We operate in a highly competitive environment for marketing oilfield services and securing equipment and trained personnel. Our ability to continually provide competitive products and services can impact our ability to maintain or increase prices for our products and services, maintain market share and negotiate acceptable contract terms with our customers. In order to be competitive, we must provide new technologies, and reliable products and services that perform as expected and that create value for our customers. Our ability to maintain or increase prices for our products and services is in part dependent on the industry’s capacity relative to customer demand, and on our ability to differentiate the value delivered by our products and services from our competitor’s products and services. In addition, our ability to negotiate acceptable contract terms and conditions with our customers, especially state-owned national oil companies, our ability to manage warranty claims and our ability to effectively manage our commercial agents can also impact our results of operations.
Managing development of competitive technology and new product introductions on a forecasted schedule and at forecasted costs can impact our financial results. Development of competing technology that accelerates the obsolescence of any of our products or services can have a detrimental impact on our financial results and can result in the potential impairment of long-lived assets.
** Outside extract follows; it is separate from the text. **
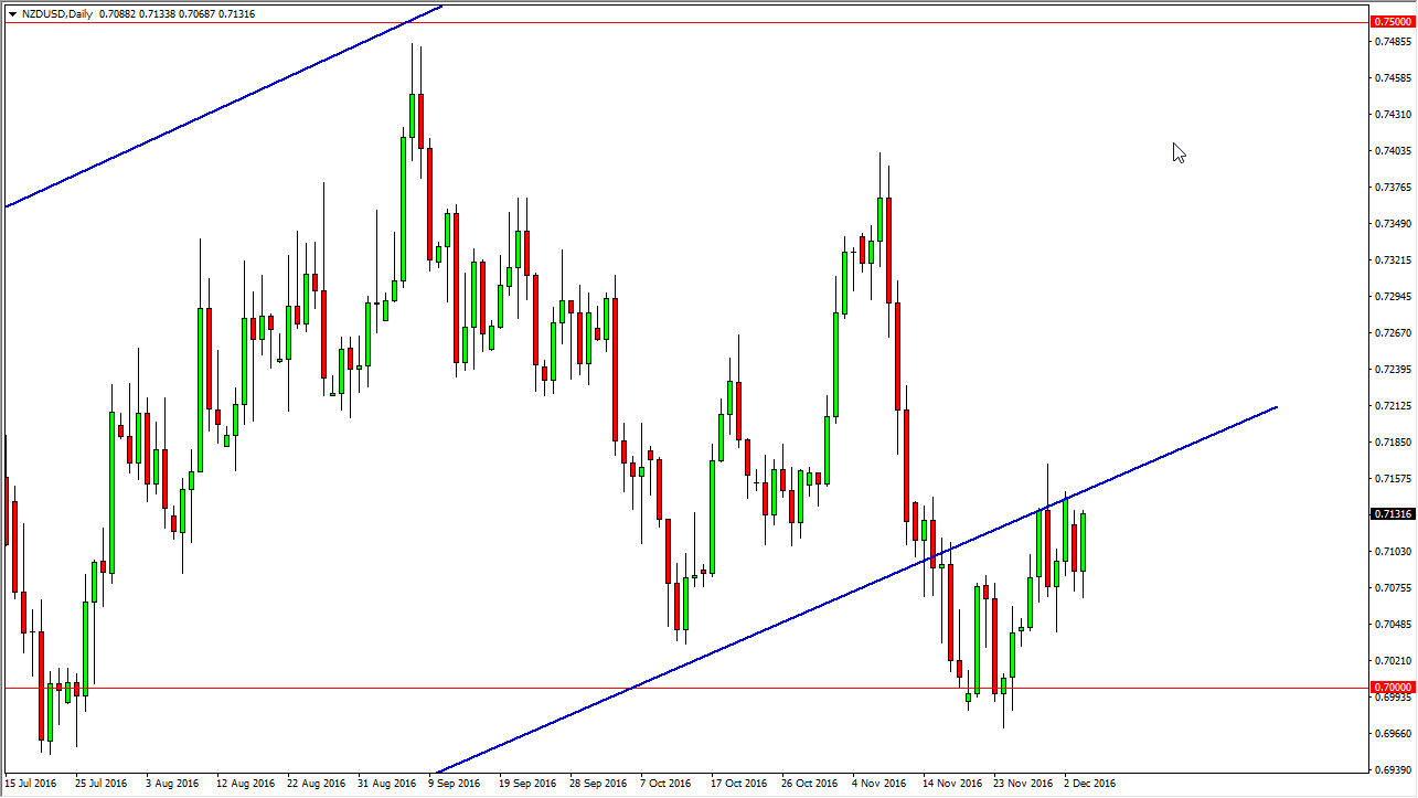 The New Zealand dollar initially fell slightly during the day on Monday, but then shot higher and tested the bottom of the uptrend line that we have been

We may be disadvantaged competitively and financially by a significant movement of exploration and production operations to areas of the world in which we are not currently active.
The high cost or unavailability of materials, equipment, supplies and personnel could adversely affect our ability to execute our operations on a timely basis.
Our manufacturing operations are dependent on having sufficient raw materials, component parts and manufacturing capacity available to meet our manufacturing plans at a reasonable cost while minimizing inventories. Our ability to effectively manage our manufacturing operations and meet these goals can have an impact on our business, including our ability to meet our manufacturing plans and revenue goals, control costs and avoid shortages of raw materials and component parts. Raw materials and components of particular concern include steel alloys, copper, carbide, chemicals and electronic components. Our ability to repair or replace equipment damaged or lost in the well can also impact our ability to service our customers. A lack of manufacturing capacity could result in increased backlog, which may limit our ability to respond to short lead time orders.
People are a key resource to developing, manufacturing and delivering our products and services to our customers around the world. Our ability to manage the recruiting, training and retention of the highly skilled workforce required by our plans and to manage the associated costs could impact our business. A well-trained, motivated work force has a positive impact on our ability to attract and retain business. Rapid growth presents a challenge to us and our industry to recruit, train and retain our employees while managing the impact of wage inflation and potential lack of available qualified labor in the markets where we operate. Labor-related actions, including strikes, slowdowns and facility occupations can also have a negative impact on our business.
Compliance with and changes in laws and regulations and risks from investigations and legal proceedings could be costly and could adversely affect operating results.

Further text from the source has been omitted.